▶ [What the task asks]:
Each record that follows is to be transcribed exactly, excluding its images.

▶ [Dataset excerpts]:
+--

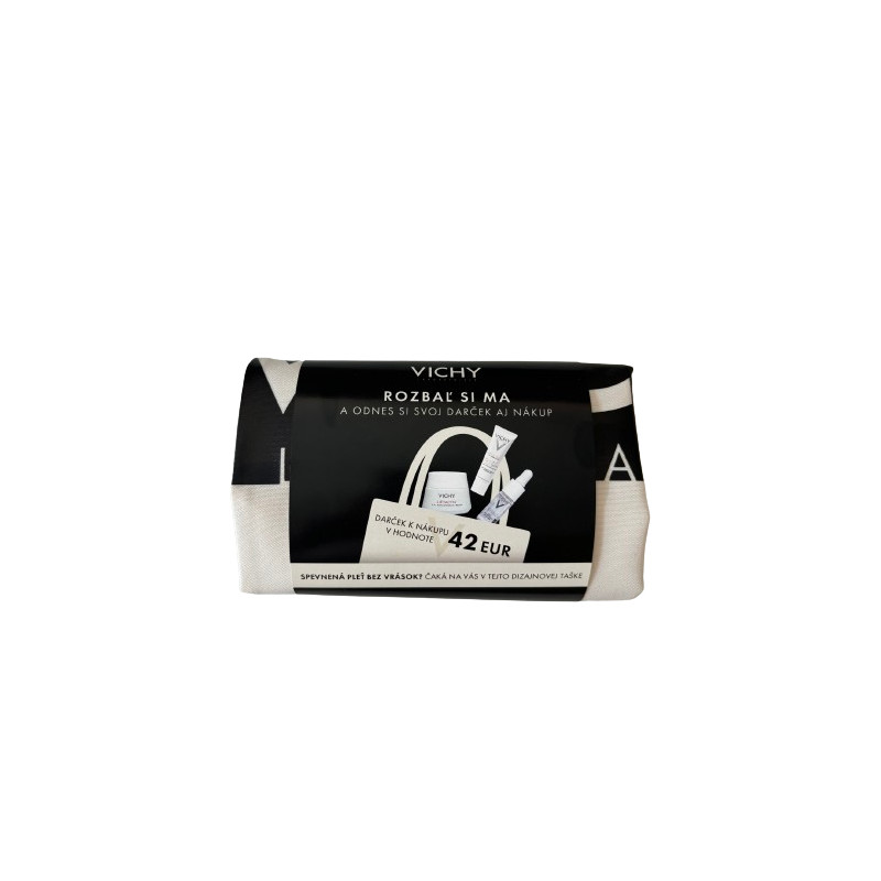Darčeková taška obsahuje rad Liftactiv H.A. Filler 10 ml proti starnutiu, ktorý je určený na hydratáciu, vypnutie a spevnenie pleti, krém Liftactiv H.A. 15 ml na prevenciu prvých príznakov starnutia a redukciu jemných vrások a Capital Soleil UV-Age denný SPF 50+ 15 ml na ochranu pleti pred fotostarnutím.
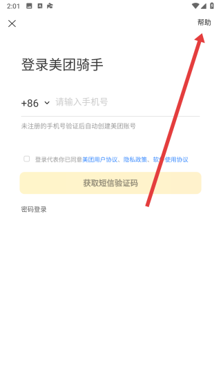 1、在登錄時(shí)如果遇到驗(yàn)證碼收不到的情況,可以點(diǎn)擊右上角的幫助按鈕解決。
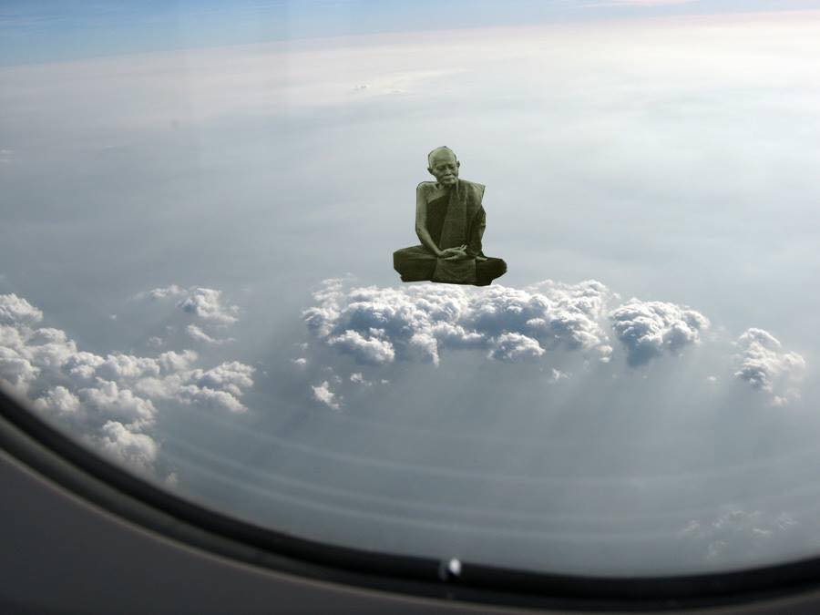 ” หลวงพ่อฤาษี เล่าว่า มีทหารอากาศ ขับเครื่องบินเหาะข้ามวัดดอยแม่ปั๋งไป นักบิน คนนั้นตกใจจนหูตาเหลือก เพราะพบหลวงปู่ผู้เฒ่านั่งอยู่บนก้อนเมฆ ขวางทางบินอยู่ ต้องรีบบังคับเครื่องหลบ ตาลีตาเหลือก ขาบินกลับก็พบหลวงปู่องค์เดิมอยู่บนก้อนเมฆอีก
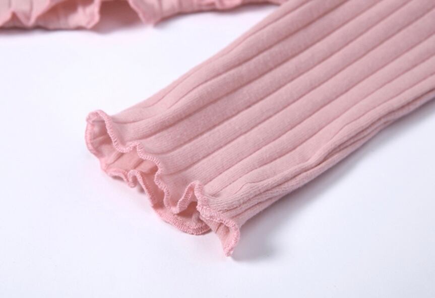 スパンデックス混なので伸縮性が高く、裾やお袖口がフリル加工なのもラブリーです(*˘︶˘*).。.:*♡
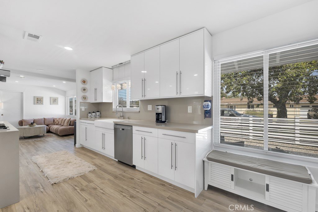 Welcome to this beautifully updated single-story home on a 7,499 sq ft corner lot in a quiet West Hills neighborhood. The interior features stylish laminate flooring throughout, recessed lighting, smooth ceilings, and abundant natural light. The updated kitchen showcases a large center island with waterfall-style countertops, modern cabinetry, a built-in gas cooktop with stainless steel hood, and stainless steel appliances. The open-concept layout flows seamlessly into the dining and living areas, ideal for everyday living and entertaining. The living area is highlighted by a striking modern electric fireplace with a custom accent wall, creating a warm and inviting focal point. The primary suite offers a comfortable and spacious setting with an en-suite bathroom featuring modern finishes and a walk-in shower. Additional bedrooms are well-sized and versatile, with updated secondary bathrooms. The private backyard features mature trees, low-maintenance landscaping, and a covered patio perfect for year-round enjoyment. The property includes a two-car garage, a covered front parking area equipped with an electric vehicle charger, and a gated rear parking area with an electric opener, offering excellent flexibility for RV or additional secured parking. Additionally, the property has an ADU permit approved by the city, providing a valuable opportunity for future expansion or additional living space. Conveniently located near parks, shopping, dining, and major routes, this move-in-ready home offers modern living in an established West Hills setting.

+--

▶ [Answer to this exercise]:
Darčeková taška obsahuje rad Liftactiv H.A. Filler 10 ml proti starnutiu, ktorý je určený na hydratáciu, vypnutie a spevnenie pleti, krém Liftactiv H.A. 15 ml na prevenciu prvých príznakov starnutia a redukciu jemných vrások a Capital Soleil UV-Age denný SPF 50+ 15 ml na ochranu pleti pred fotostarnutím.
 1、在登錄時(shí)如果遇到驗(yàn)證碼收不到的情況,可以點(diǎn)擊右上角的幫助按鈕解決。
 ” หลวงพ่อฤาษี เล่าว่า มีทหารอากาศ ขับเครื่องบินเหาะข้ามวัดดอยแม่ปั๋งไป นักบิน คนนั้นตกใจจนหูตาเหลือก เพราะพบหลวงปู่ผู้เฒ่านั่งอยู่บนก้อนเมฆ ขวางทางบินอยู่ ต้องรีบบังคับเครื่องหลบ ตาลีตาเหลือก ขาบินกลับก็พบหลวงปู่องค์เดิมอยู่บนก้อนเมฆอีก
 スパンデックス混なので伸縮性が高く、裾やお袖口がフリル加工なのもラブリーです(*˘︶˘*).。.:*♡
 Welcome to this beautifully updated single-story home on a 7,499 sq ft corner lot in a quiet West Hills neighborhood. The interior features stylish laminate flooring throughout, recessed lighting, smooth ceilings, and abundant natural light. The updated kitchen showcases a large center island with waterfall-style countertops, modern cabinetry, a built-in gas cooktop with stainless steel hood, and stainless steel appliances. The open-concept layout flows seamlessly into the dining and living areas, ideal for everyday living and entertaining. The living area is highlighted by a striking modern electric fireplace with a custom accent wall, creating a warm and inviting focal point. The primary suite offers a comfortable and spacious setting with an en-suite bathroom featuring modern finishes and a walk-in shower. Additional bedrooms are well-sized and versatile, with updated secondary bathrooms. The private backyard features mature trees, low-maintenance landscaping, and a covered patio perfect for year-round enjoyment. The property includes a two-car garage, a covered front parking area equipped with an electric vehicle charger, and a gated rear parking area with an electric opener, offering excellent flexibility for RV or additional secured parking. Additionally, the property has an ADU permit approved by the city, providing a valuable opportunity for future expansion or additional living space. Conveniently located near parks, shopping, dining, and major routes, this move-in-ready home offers modern living in an established West Hills setting.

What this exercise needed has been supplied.